Light-activated polymerization methods unlock new possibilities for intracellular applications

Synthetic polymers play a crucial role in cell biology, serving as delivery vehicles for DNA and drugs, acting as fluorescent probes for cellular sensing, functioning as bioinks for tissue engineering, and mimicking biological functionality (e.g., artificial antigen-presenting cells). However, synthesizing polymers within an intracellular environment remains challenging due to the complex intracellular conditions that can hinder or suppress such reactions.

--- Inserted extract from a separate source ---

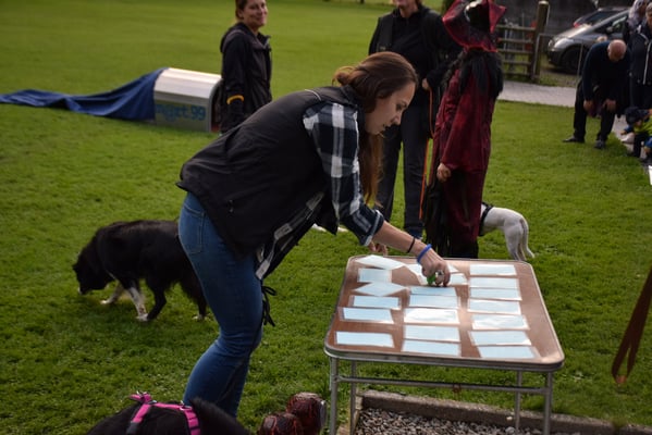 Nach Absolvieren des letzten Postens begaben sich die Teilnehmer zur Stärkung und zum Rangverlesen zur Klubhütte. Auch dieses Jahr wurden die beliebten Käseschnitten vom Küchenteam zubereitet, um die Wartezeit bis zur Rangverkündigung zu überbrücken. Die Jugend und Hund-Gruppe hatte diesmal die Nase vorn und belegte die ersten beiden Podestplätze: Noah Amgarten mit Joya siegte vor Jael Schwill mit Broccoli und Lara Meier mit Cujo. Alle Teilnehmerinnen und Teilnehmer durften einen vom Altdorfer Tierlihuus gesponserten Sack mit Hundeguetzli und ein Gruselmonster-Hundespielzeug mit nach Hause nehmen.

Earlier this year, Prof. Geng Jin's team at the Shenzhen Institute of Advanced Technology (SIAT) of the Chinese Academy of Sciences detailed two innovative methods for intracellular polymerization using light stimuli for biomedical applications. The findings are published in Nature Protocols.

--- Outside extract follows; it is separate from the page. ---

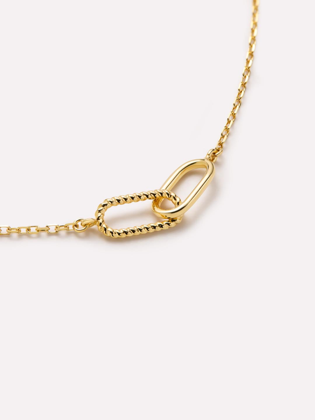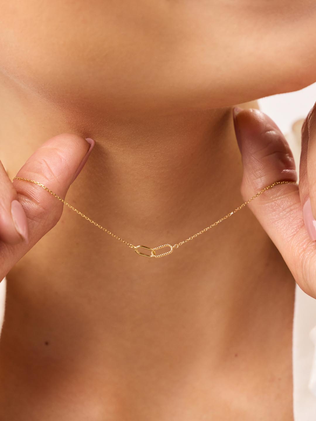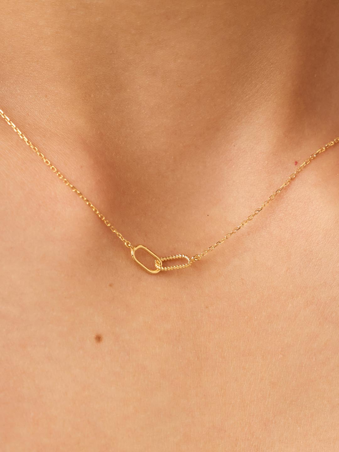 Whether you add it to your stack or wear it solo, this gold pendant is sure to elevate your look. Crafted in 100% recycled solid gold, this dainty necklace features two interlocking links, one with a smooth finish and one with a unique twisted design. Pair this necklace with our Gold Paperclip Necklace for an effortless everyday look.

In this study, the researchers demonstrated the initiation of polymerization reactions, such as reversible addition–fragmentation chain transfer or free radical polymerization, by introducing highly biocompatible monomers into living cells and using photoactivation.

They found that light initiation allows precise spatial and temporal control over the polymerization process, with fast reaction kinetics and good biocompatibility. The synthesis of macromolecular polymers with various structures can be achieved within a few minutes (typically 5–10 minutes, depending on the wavelength), minimizing cellular stress and avoiding the denaturation of cellular contents.

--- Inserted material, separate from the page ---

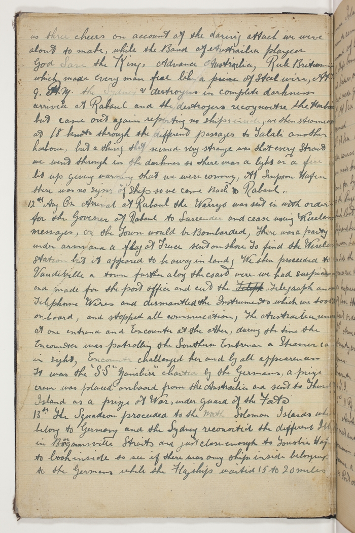 On arrival at Rabaul the Warrego was sent in with orders for the Governer of Rabaul to Surrender and cease using Wireless messages, or the Town would be Bombarded, There was a party under arms and a flag of Truce sent on shore to find the Wireless station but it appeared to be away in land. We then proceeded to Vaudiville [?] a town further along the coast were we had suspicions and made for the post office and cut the Telegraph and Telephone Wires and dismantled the Instruments which we took on board, and stopped all communication. The Austrailia remained at one entrance and Encounter at the other, during the time the Encounter was patrolling the Southern Entrance a Steamer came in sight, Encounter challenged her and by all appearances It was the S.S."Zanibise" charted by the Germans, a prize crew was placed onboard from the Austrailia and sent to Thursday Island as a prize of War, under guard of the [Fate?]

Compared to alternative methods, the proposed approach has the potential to modulate various cellular functions, including motility, differentiation, proliferation, and cell–cell interactions, making it a promising avenue for therapeutic interventions.

The protocol paper summarizes the technical details of two methods for achieving intracellular polymerization: conventional photo-polymerization via free radicals and photoinduced electron/energy transfer-reversible addition–fragmentation chain transfer polymerization. It also provides guidelines for the synthesis and isolation of His-tagged intracellular polymers.

"The ability to produce customized functional polymers within cells brings us closer to advanced therapeutic strategies and innovative bioimaging methods," said Prof. Geng. "Our study could represent a captivating frontier in the realm of biomedicine, holding great promise for future developments."